Gemini is a large language model from Google. It understands natural language, reads messy content, and returns structured data when you ask for it. What it does not do is fetch web pages. It has no HTTP client, no browser, no proxy pool, and no way to get past the anti-bot defenses that guard most commercial sites. Feed it a URL and it cannot open it; feed it raw HTML you scraped yourself and it will happily extract from whatever you managed to retrieve, including an empty shell.

That is the gap the fetching layer fills. Modern sites render content client-side and challenge automated traffic aggressively, so a plain requests.get often returns a 200 with none of the data you came for. You need a browser that actually runs the page's JavaScript and an IP the site reads as a real visitor. You can assemble that yourself with a headless browser plus rotating residential proxies, but keeping that stack healthy is most of the work. The Crawling API folds both into a single call: send it a URL with a JavaScript token, it renders the page and returns finished HTML, ready for Gemini.

Who does what

Keep the boundary clear in your head. Crawlbase fetches and renders the page into clean HTML or markdown. Gemini extracts structured fields from that content. Gemini never touches the network in this design, and Crawlbase never tries to understand the data. Mixing those responsibilities up is the most common reason these pipelines feel flaky.

What you will build

A small, runnable Python script that takes a product URL, retrieves the rendered page through the Crawling API as clean markdown, sends that markdown to Gemini with an extraction prompt, and writes the structured result to a JSON file. We will use a public test page so you can run every snippet as-is before pointing it at a real target.

Set up the environment

You need Python 3.8 or later. Confirm your version, create a virtual environment so project dependencies stay isolated, then install the libraries.

bash
python --version

python -m venv gemini_env
source gemini_env/bin/activate

pip install google-generativeai crawlbase python-dotenv

On Windows, activate the environment with gemini_env\Scripts\activate instead of the source line. Three dependencies do the work: crawlbase is the official client for the Crawling API, google-generativeai is Google's Gemini client, and python-dotenv loads your keys from a local file so they never end up hard-coded in the script.

You need two credentials. Get a Gemini API key from Google AI Studio, and get a Crawlbase JavaScript (JS) token from your Crawlbase dashboard after signing up. Store both in a .env file in your project folder.

bash
GEMINI_API_KEY=your_gemini_key_here
CRAWLBASE_JS_TOKEN=your_crawlbase_js_token_here
Why the JS token

Crawlbase offers two token types. The normal token fetches static HTML; the JavaScript (JS) token renders the page in a real browser first. Most pages worth scraping load their content client-side, so the JS token is the safe default here. Using the normal token on a client-rendered page returns the same empty shell a plain fetch would, and Gemini cannot extract data that was never there.

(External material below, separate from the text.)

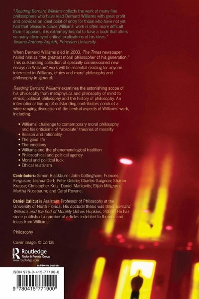 When Bernard Williams died in 2003, the Times newspaper hailed him 'as the greatest moral philosopher of his generation'. This outstanding collection of specially commissioned new essays on Williams's work is essential reading for anyone interested in Williams, ethics and moral philosophy and philosophy in general. Reading Bernard Williams examines the astonishing scope of his philosophy from metaphysics and philosophy of mind to ethics, political philosophy and the history of philosophy. An international line up of outstanding contributors discuss, amongst others, the following central aspects of Williams's work: Williams's challenge to contemporary moral philosophy and his criticisms of 'absolute' theories of morality reason and rationality the good life the emotions Williams and the phenomenological tradition philosophical and political agency moral and political luck ethical relativism Contributors : Simon Blackburn; John Cottingham; Frances Ferguson; Joshua Gert; Peter Goldie; Charles Guignon; Sharon Krause; Christopher Kutz; Daniel Markovits; Elijah Millgram; Martha Naussbaum; Carol Rovane

Step 1: Fetch the rendered page with the Crawling API

The Crawling API can return the page already converted to markdown, which is exactly what you want before sending it to an LLM. Markdown strips the navigation, scripts, and styling noise, leaving the readable content. That cuts the token count you send to Gemini, which makes the call cheaper and the extraction more accurate. Pass format: 'markdown' and the API hands you clean text instead of raw HTML.

python
import os
from dotenv import load_dotenv
from crawlbase import CrawlingAPI

load_dotenv()

api = CrawlingAPI({"token": os.environ["CRAWLBASE_JS_TOKEN"]})

url = "https://books.toscrape.com/catalogue/a-light-in-the-attic_1000/index.html"

def fetch_markdown(target_url):
    options = {"format": "markdown", "ajax_wait": "true", "page_wait": 3000}
    response = api.get(target_url, options)
    return response["body"].decode("utf-8")

page_markdown = fetch_markdown(url)
print(page_markdown[:500])

The two wait options matter for client-rendered targets. ajax_wait tells the API to wait for asynchronous content to finish loading, and page_wait holds for a fixed number of milliseconds after load so late-rendering elements appear before the page is captured. Three seconds is a reasonable start; raise it if content comes back thin. For a static page like the test book above you could even use the normal token, but keeping the JS token and these options means the same code works when you point it at a harder, client-rendered site.

Crawlbase Crawling API

Gemini reads pages, it does not fetch them. The Crawling API closes that gap in one call: pass a JS token, it renders the page in a real browser, rotates through residential IPs server-side, and returns clean HTML or LLM-ready markdown, so you skip running a headless fleet and a proxy pool yourself. Point it at a public page on the free tier first.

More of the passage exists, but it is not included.